Old saying: you have to take the good with the bad, BUT … must we take it ALL?  If you know it’s going to rain, you bring an umbrella.  When you walk down dark, deserted city streets, you’re on your guard.  I grew up in a posh section of Queens, but hung out throughout my adolescence in an area, which I was later told was the only part of the city with a separate police precinct just for juveniles, where I went to junior high and high school, and acquired a walk that distinctly indicated not to mess with me, without being so pronounced as to seem like an affectation, or bluff.  It’s stood me in good stead many a time since then when I found myself on such a street, passing by the questionable characters who frequent them.

I’m no archaeologist, BUT … even if there is no record of storytelling as far back as the famous cave paintings in France, they themselves have so strong a narrative element to them, depicting activities that such people engaged in, one can safely suppose that they talked about what they were doing the same way.  There is significant research about the healing benefits of storytelling, to the point that people who’ve been traumatized recover better when they throw away what they write about it, so bound to them are the words about the trauma, which they expel by eradicating them.

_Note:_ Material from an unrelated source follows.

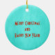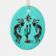 Personalize este Enfeites de natal "Um dos tipos" do sudoeste de Kokopelli! Ele apresenta dois Kokopelli sudoeste em Turquoise, laranja e preto tocando flauta e dançando ao redor de um cacto...Sob o Sol num Fundo Turquesa! Design De Arte Original Pelo Artista Kerry Miller.
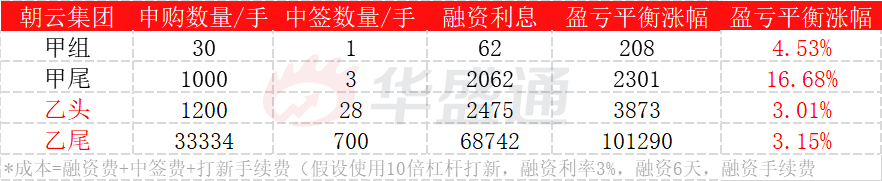 乙头融资打新1200手,按中签28手为例,盈亏平衡点3.01%;

It’s a process, not just a product.  As I’ve mentioned many a time, like cooking, gardening, dancing, and most everything else, telling stories a certain way makes all the difference.  Vitually all the posts, at least those up until this year when I’ve been busy finalizing a book on the subject, apply one set of components or another in that process to various facets of work and life.  Virtually everything you read, including these posts, exemplify the process.  In fact, since that is the one Common Bond between every expert in every field, that is obviously The Key Skill of All Skills—my book title—to learn, not the varying advice that those experts tout.  More space is devoted in them to illustrative anecdotes and analogies, sowing you what ou don’t understand in perspective with what you already know, than actual exposition.  Start reading THAT, not just the content on the surface.  Then, again like cooking, gardening, dancing, and most everything else, it takes practice.
Kinda funny, isn’t it, in a not so funny sorta way, considering how much time and effort—and money—people put into becoming educated, most if not all of which is based on common characteristics, and how often we hear throughout it to “stick with” something, yet rarely learn how to apply what we learn in one venue to others, the way everything we read does.  Guess What: the basic components of every story are the same as those in every situation: characters, actions, setting, and time frames, which form an easy to remember acronym: CAST.  Basketball is dribbling, passing, shooting, and rebounding.  Ah, there’s the rub: using the right ones at the right times, in the right amounts, the right ways makes ALL the difference.  Likewise, dem characters, actions, settings, and time frames.
Need I add that other posts delineate common characteristics of more intricate components of stories.  The Idea is for YOU to discover more and more of them, yourselves!
I’m finishing this soon after Bastille Day.  “Tear Down the Walls” is a theme that runs throughout history.  They keep popping back up because we never get to the walls between us all.  Every song tells a story, every magazine article and book tell bunches of them.  They are how we tear down the walls.  If everyone learned it, the world would be a far happier, more productive place.